And here I thought I'd read a stupid story. So glad to see that I was way wrong. =D
person LaSharna
schedule January 29, 2009 at 12:00 AM
That was great, i really enjoyed the storyline and the plot well done, I look forward to reading more of your work
schedule July 10, 2008 at 12:00 AM
First, I just have to say that you are so incredibly cute. With the fuss you were putting up about this I was expecting something pretty graphic or intense and you're really only citrusy so far, no full fledged lemon. Not sure if you're planning to keep it on this level or plan to work your way up but either seems a viable and plausible way to go from here. Guess it just depends on what you're comfortable writing and also where you really want the story to go.
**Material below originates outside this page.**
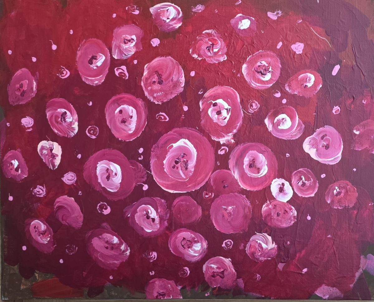 이 붉은 배경 위로 분홍색과 흰색 물감을 겹쳐 칠한 둥근 무늬들이 화면을 가득 채우고 있습니다.

Without knowing the anime/manga it's hard for me to comment on characterization but within your story at least they are staying true to themselves and I haven't seen any random fluctuations that make me think 'where did that just come from?' You'd be surprised how rare that can be. You know it's good when a fanfic makes me want to go learn the original canon. ^_-

Your flow is good, the storyline is interesting, cohesive, and is THERE. Yay storylines! haha.

So though I don't yet know the background, will get to the anime one day, you've written well enough and interestingly enough that I'll definitely continue to follow along if you put any more additions on.

P.S. - as far as revisions: You switch Yako's sub-name between Hikaru and Hikari a few times. You also switch from past to present tense continually (though apparently I'm guilty of the same - isn't it funny how you can always see things in others that you're blind to in your own? well, it amuses me at least.) You've got a few misspellings and grammar issues but nothing that is so jolting it made me lose the flow of the story.